**Assignment:** If pictures appear in the lines below, skip them and copy exactly the lines from the one containing "Deze hartige ovenschotel" through the one containing "Figure 3 shows", and nothing else.

**Records from a dataset:**

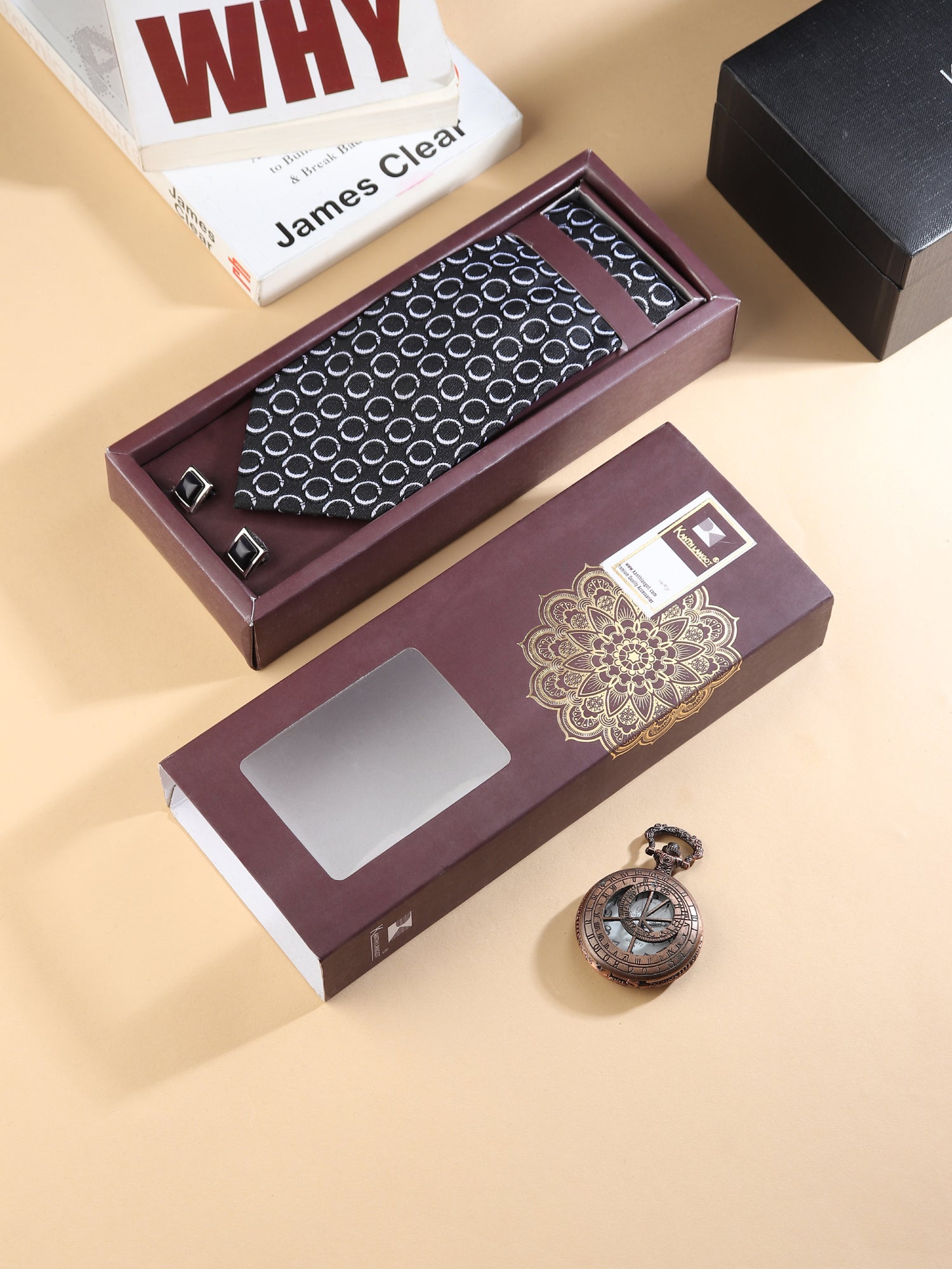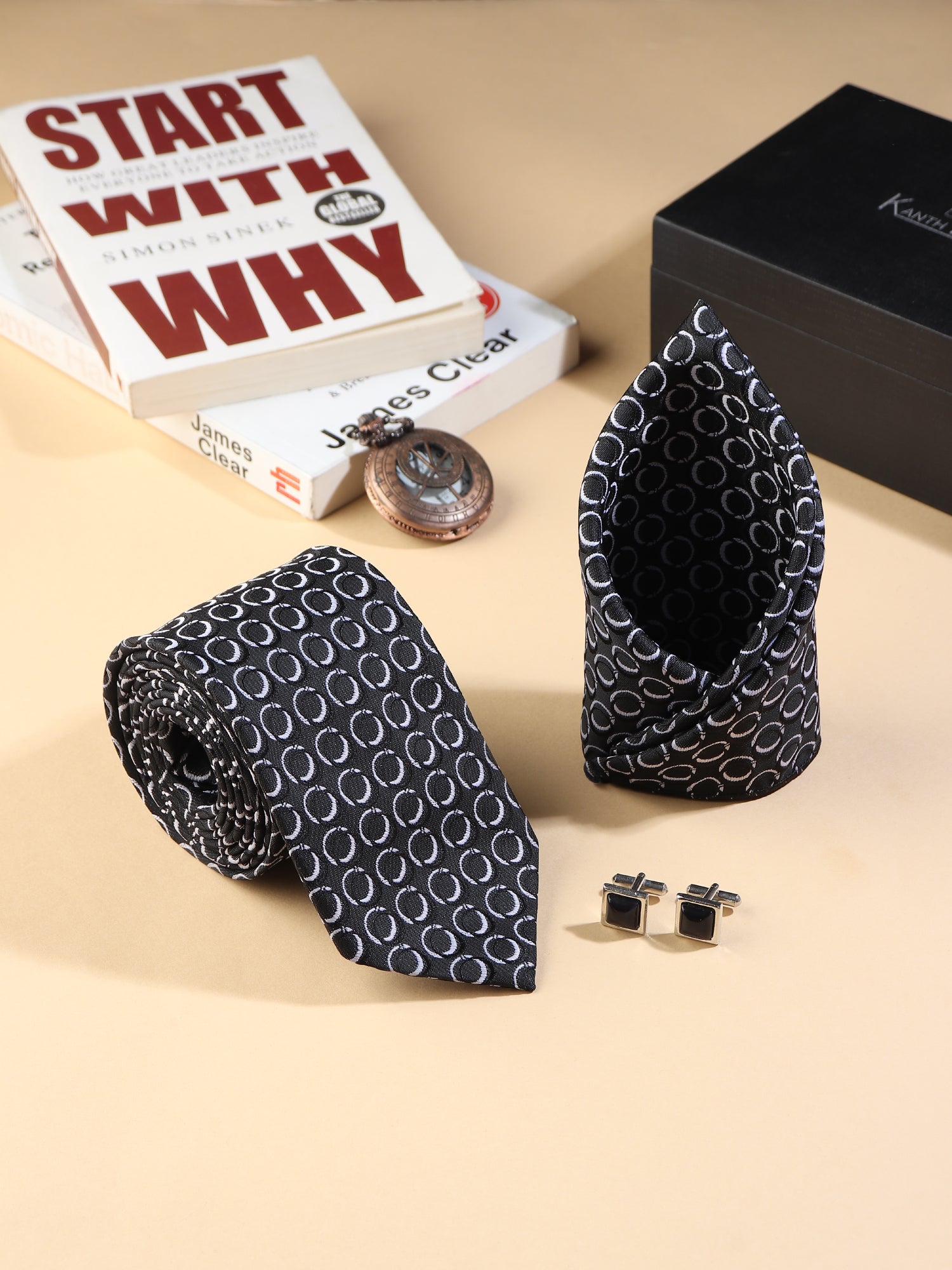 Refine your formal look with the Kanthlangot Black Circle Pattern 3-Piece Men’s Accessory Set, thoughtfully designed to balance elegance and simplicity.
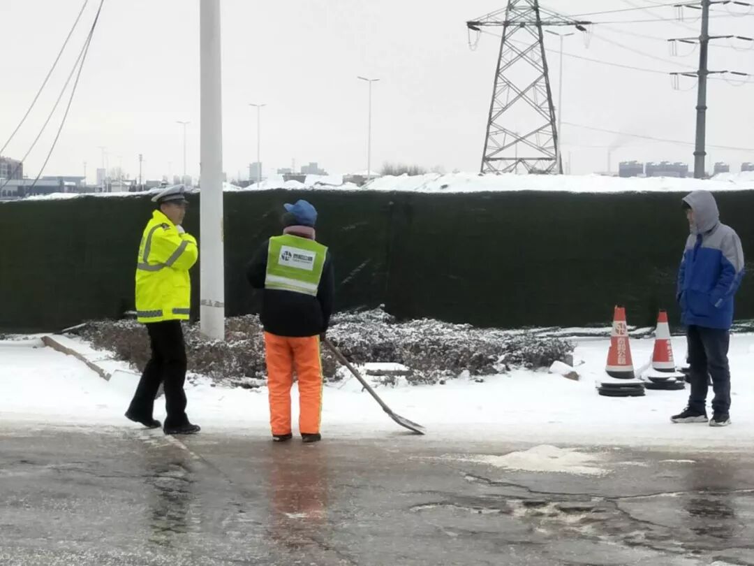 △昌国路与原山大道立交桥施工绕行路周村方向因道路湿滑大货车无法起步,造成道路拥堵,工作人员正在往道路上撒盐。
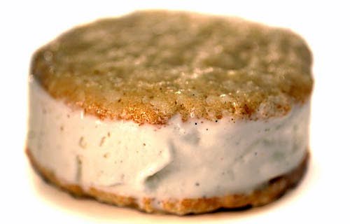 7. To assemble, spread one-third cup ice cream (slightly softened) over the bottom of one cookie, and carefully top with another cookie. Press firmly but gently to avoid breaking the cookies. Run a knife or offset spatula around the edges to clean up any ice cream hanging over the edge. Freeze for at least 1 hour to firm the ice cream. Repeat with all the cookies.
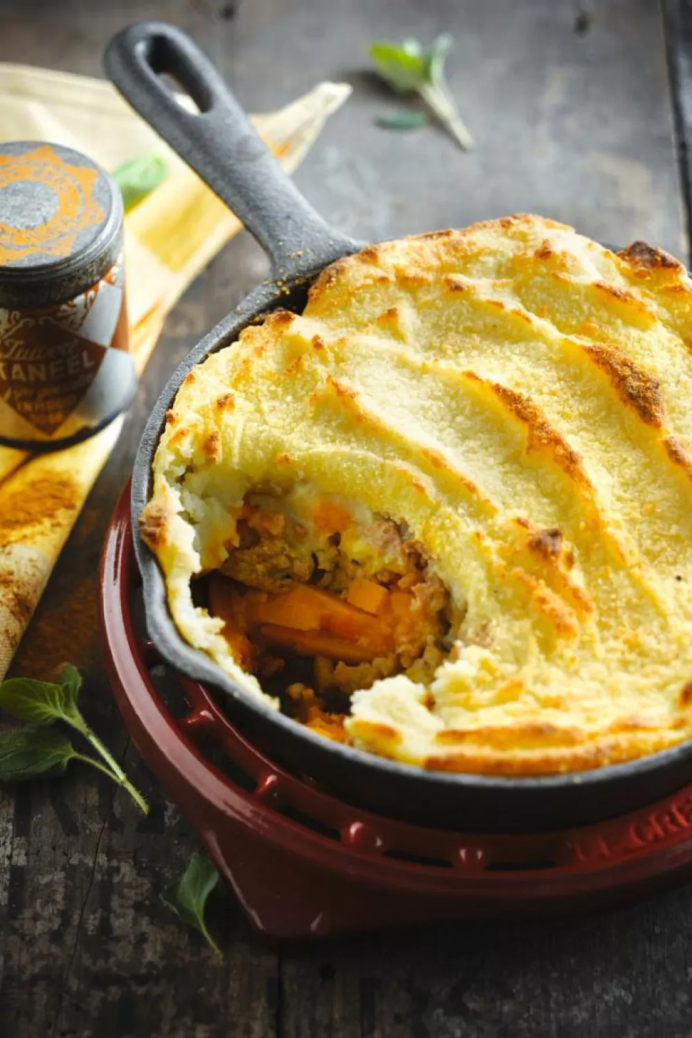 Deze hartige ovenschotel combineert zoete pompoen met kruidig gehakt en romige aardappelpuree tot een troostrijk herfstgerecht. Met tijm, oregano, paprikapoeder en een vleugje kaneel krijgt het gehakt extra warmte nadat het kort is aangebakken en lichtjes gebonden. Laagjes van pompoen, vleesmengsel en puree worden in de oven goudbruin gratineerd voor een gezellige maaltijd bij doordeweekse diners of weekendmaaltijden.
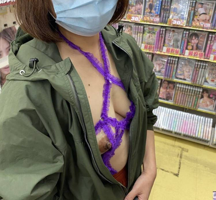 自慢の下着で露出行為を行う、セクシーランジェリーの店内露出・野外露出エロ画像。
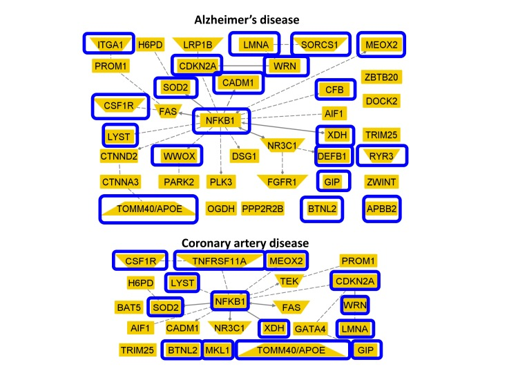 Figure 3 shows two networks of genes associated with Alzheimer's and coronary artery disease that included SNPs in the list of 281 reported in Sebastiani et al [1]. Nodes circled in blue in the Figure show the genes that include SNPs reaching statistical significance in the meta-analysis (20 of 38 genes associated with Alzheimer's disease, and 14 of 24 genes associated with coronary artery disease).
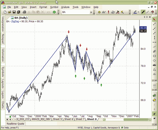 FIGURE 3: AMIBROKER, TRENDLINES. This screenshot shows a daily chart of Boeing (BA), with a 7% zigzag line, and buy (green)/sell (red) arrows generated by the AmiBroker formula listing.--Tomasz Janeczko, AmiBroker.com
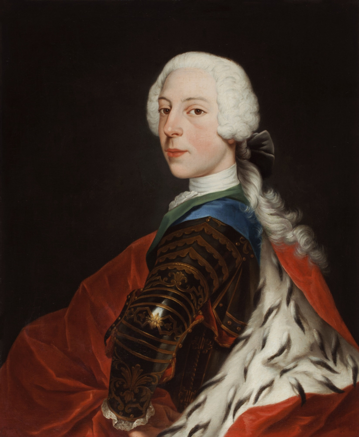 Książę okryty jest obszernym, aksamitnym czerwonym płaszczem podbitym futrem z gronostajów, które podkreśla wysoką rangę portretowanego. Na jego lewym ramieniu widoczna jest błękitna wstęga angielskiego Orderu Podwiązki (św. Jerzego), a na szyi – zielona wstęga szkockiego orderu Ostu (św. Andrzeja). Obaj synowie Jakuba III/VIII zostali udekorowani tymi najważniejszymi odznaczeniami brytyjskimi już w dzieciństwie.
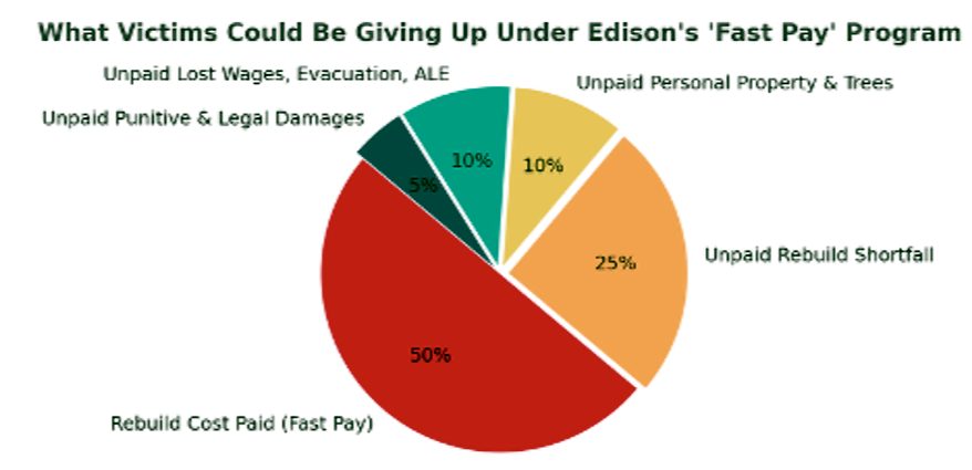 Edison’s Fast Pay program risks turning a public safety fund into a utility liability shield. Victims deserve full compensation, not shortcuts that leave them shortchanged. Consumers shouldn’t have to trade fairness for speed.
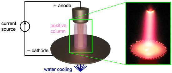 Atmospheric Pressure Glow Discharge (APGD) with a planar cathode configuration. Illustration of the APGD setup controlled by the total electric current from a current source and the intensity of forced convection cooling of the planar cathode, together with an optical image from Arkhipenko et al. [4] (reproduced with permission, © IOP Publishing 2009).
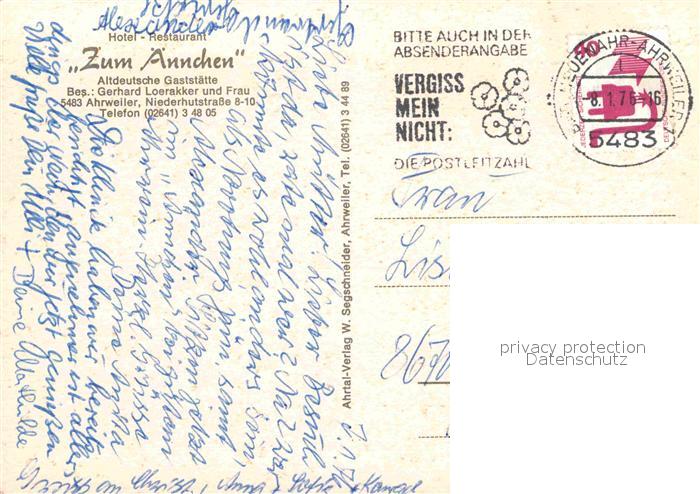 72900292 alte Postkarte Ahrweiler Grafschaft Hotel Restaurant Zum aennchen postalisch gelaufen Erhaltung siehe scans [LiesaD40] KatCode: 11110007131090
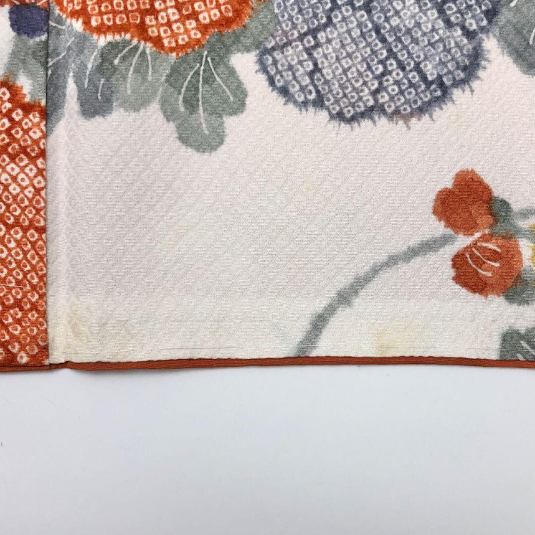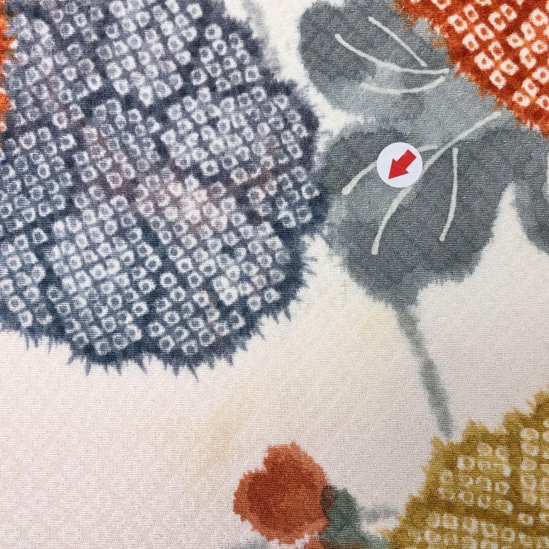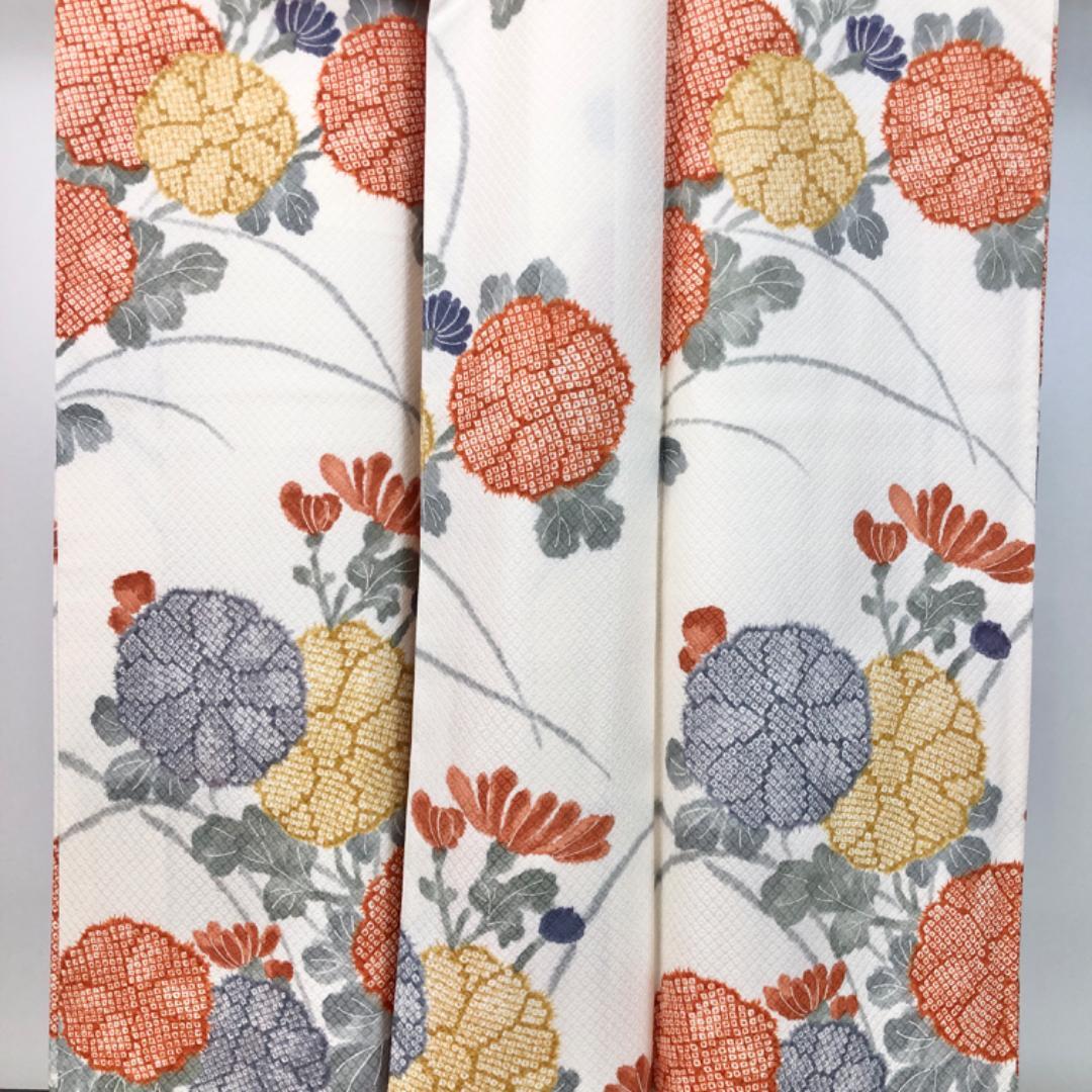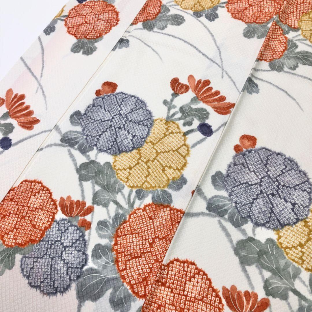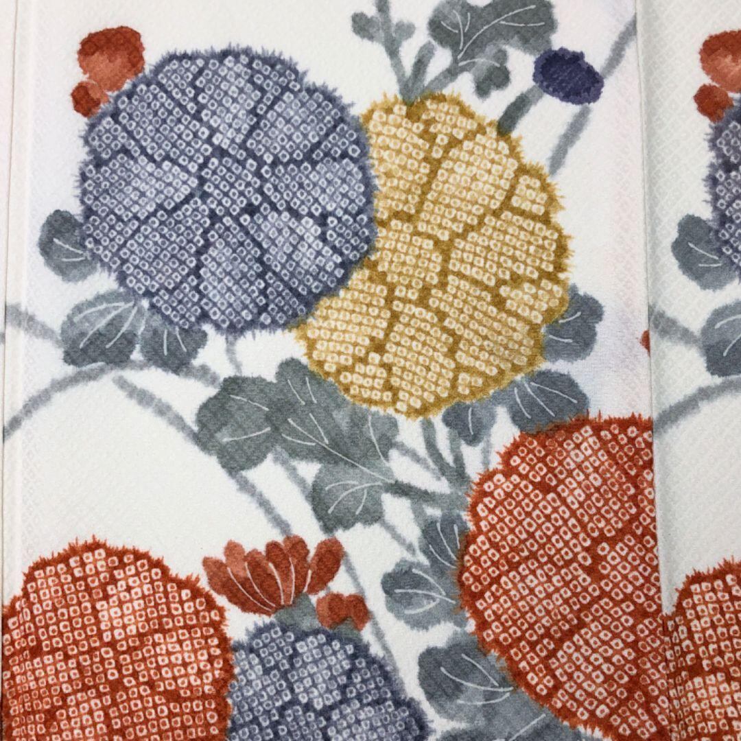 乳白色の上品なお色味に色鮮やかな鹿の子柄に花模様の雰囲気の良い柄裄がデザインされた素敵なお品でございます。

**Final answer:**
 Deze hartige ovenschotel combineert zoete pompoen met kruidig gehakt en romige aardappelpuree tot een troostrijk herfstgerecht. Met tijm, oregano, paprikapoeder en een vleugje kaneel krijgt het gehakt extra warmte nadat het kort is aangebakken en lichtjes gebonden. Laagjes van pompoen, vleesmengsel en puree worden in de oven goudbruin gratineerd voor een gezellige maaltijd bij doordeweekse diners of weekendmaaltijden.
 自慢の下着で露出行為を行う、セクシーランジェリーの店内露出・野外露出エロ画像。
 Figure 3 shows two networks of genes associated with Alzheimer's and coronary artery disease that included SNPs in the list of 281 reported in Sebastiani et al [1]. Nodes circled in blue in the Figure show the genes that include SNPs reaching statistical significance in the meta-analysis (20 of 38 genes associated with Alzheimer's disease, and 14 of 24 genes associated with coronary artery disease).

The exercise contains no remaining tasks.